There is also another theory, promulgated to great effect a decade ago by New York computer scientist and futurist Ray Kurzweil, that the rise to dominance of intelligent machines is not only possible but inevitable.
Kurzweil predicts that in the near future, networked artificial intelligence will reach a point where it will be endlessly able to build better versions of itself. Eventually, it will manifest in a level of intelligence that is incomprehensible to humans, who must then relinquish control.

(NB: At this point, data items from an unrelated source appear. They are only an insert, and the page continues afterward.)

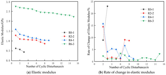 Figure 5 presents the curve of the elastic modulus and the change rate of the elastic modulus of the specimens during cyclic disturbance. As shown in Figure 5a, under the same lateral pressure, the specimens’ resistance to deformation decreases with an increase in the number of cyclic disturbances, which is reflected by the decrease in the elastic modulus. Additionally, for the same number of cyclic disturbances, a higher lateral pressure results in a greater elastic modulus, indicating a stronger ability to resist deformation.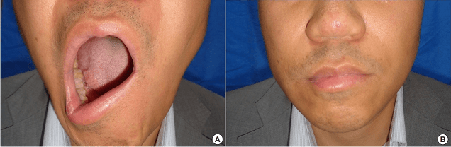 울음/웃음 등으로 입을 벌릴때 증상이 뚜렷합니다.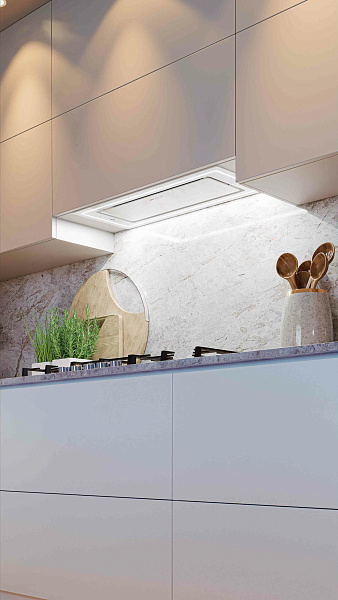 За подсветку рабочей зоны отвечает LED-лампа мощностью 12 Вт. Этого вполне достаточно для комфортного освещения плиты, без включения дополнительных источников света. При необходимости устройство может работать в режиме рециркуляции воздуха с использованием угольных фильтров. Это может потребоваться, когда в помещении отсутствует возможность обустройства нормальной вентиляции.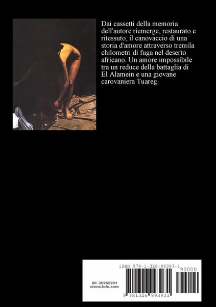 Dai cassetti della memoria dell'autore riemerge, restaurato e ritessuto, il canovaccio di una storia d'amore attraverso tremila chilometri di fuga nel deserto africano. Un amore impossibile tra un reduce della battaglia di El Alamein e una giovane carovaniera Tuareg.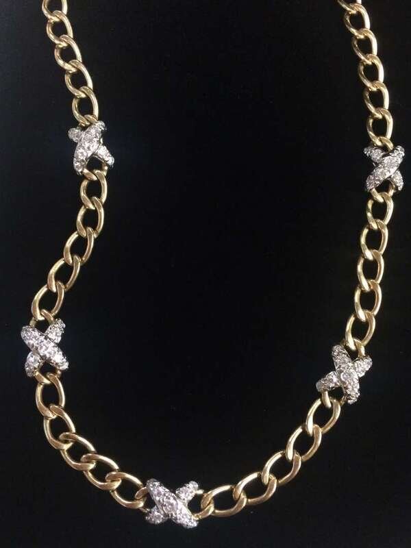 curb link with five diamond-set Xs; total diamond weight approximately: 1.65 carats; maker's mark for Hammerman Bros.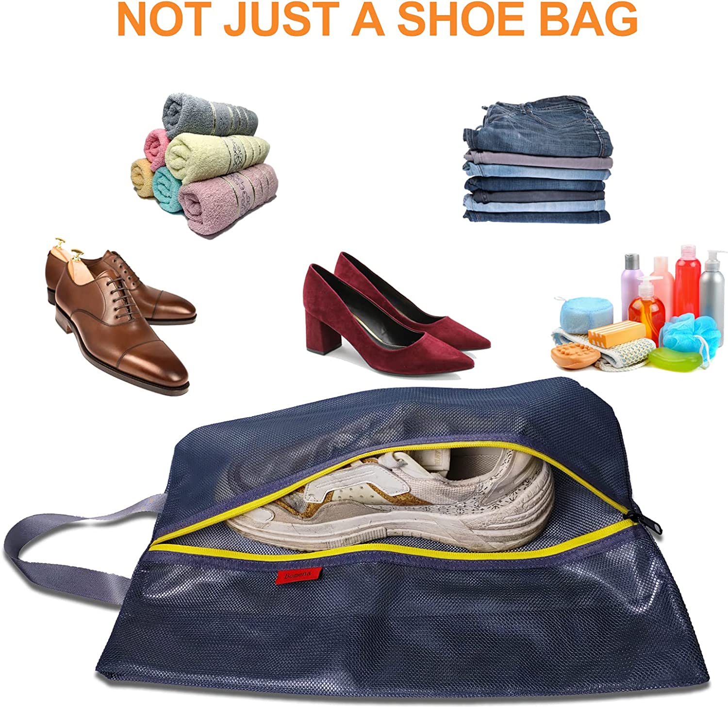 The translucent mesh design of the shoes bags for travel can efficiently and readily detect the objects in the bag. There is no need to open, it is easy to differentiate, it is easy to reach, and it is fresh and clean. A shoe bag for travel is quite useful for both home use and vacation.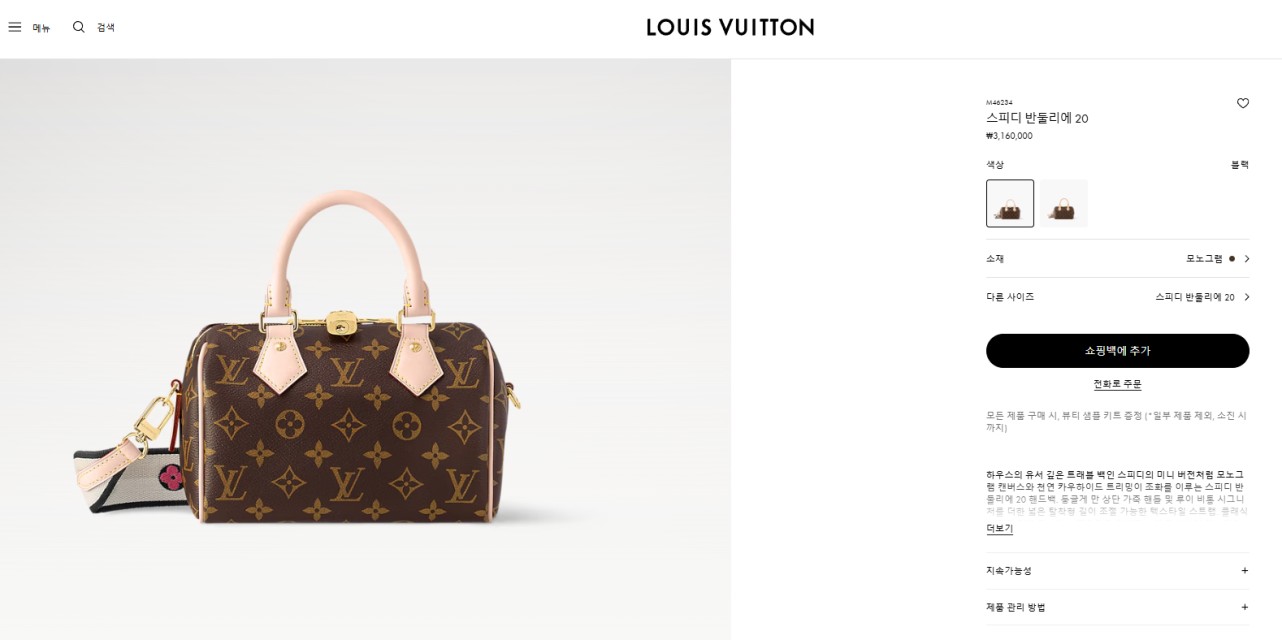 루X비통 스피디 반둘리에 20

That point Kurzweil dubbed “the singularity”. He suggests it will occur sometime around 2045. Wozniak doesn’t disagree.
“The singularity as Ray defines it – and he’s a brilliant person – is very near,” he says.
“It’s probably still on his schedule for 2045. But the singularity is misunderstood.”

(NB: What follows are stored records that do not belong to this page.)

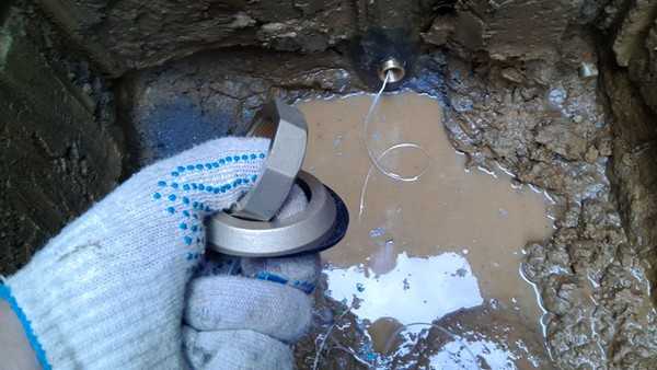 Используя Т-образный ключ, опускаем ту часть, которая не снимается в скважину, на нее устанавливаем уплотнитель из резины, а сверху кольцо. С помощью гайки нужно зафиксировать эти элементы для достаточного уровня герметичности. Чтобы получилось правильно и надежно, используем гаечный ключ.
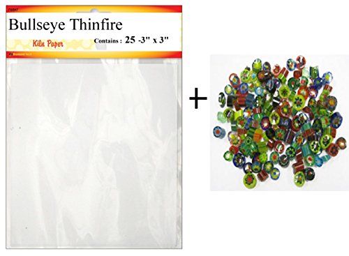 25 Sheets (3" x 3")of Bullseye Thinfire Kiln Shelf Paper, one time use, and 1/2 Oz. Fuseworks Milliefiori COE 90, is These items work great in all kilns including Fuseworks microwave kilns.Feature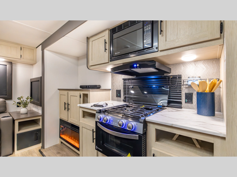 Sleeps 3 Slides 1 Length 24 ft 2 in Ext Width 8 ft Ext Height 11 ft 3 in Hitch Weight 455 lbs GVWR 6350 lbs Dry Weight 4417 lbs Cargo Capacity 1933 lbs Fresh Water Capacity 42 gals Grey Water Capacity 36 gals Black Water Capacity 36 gals Available Beds RV Queen Refrigerator Size 10 cu ft Cooktop Burners 3 Shower Size 24" x 40" Number of Awnings 1 LP Tank Capacity 20 lbs Water Heater Type Tankless AC BTU 13500 btu Axle Count 2 Number of LP Tanks 2 Shower Type Standard Solar Wattage 200 watts Similar Floorplans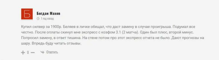 В группе покупатели оставляют восторженные отзывы, утверждая, что экспрессы приносят огромные выигрыши. Однако на независимых платформах ситуация противоположная. Один из пользователей поделился опытом: он приобрел экспресс, но вместо обещанного высокого коэффициента получил ставку с коэффициентом 3.00, которая оказалась проигрышной. Запрос на бесплатную замену был проигнорирован.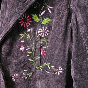 Live A Little Suede Brown Embroidered Floral Velvet Blazer Boho Jacket Size M

Wozniak says it is not that computers will replace people’s brains.
“What it really means is that computing equipment will be using as much information, and processing it as much, as all of the human brains put together – and you cannot predict what that means. You cannot predict a path after the singularity.”
Despite this uncertainty, the Woz is gloriously unworried by what might lie beyond the veil.
By definition, there can be no logical reason for such equanimity, but Woz, it should be remembered, understands the nature of computers much more viscerally than pretty much anybody else on the planet.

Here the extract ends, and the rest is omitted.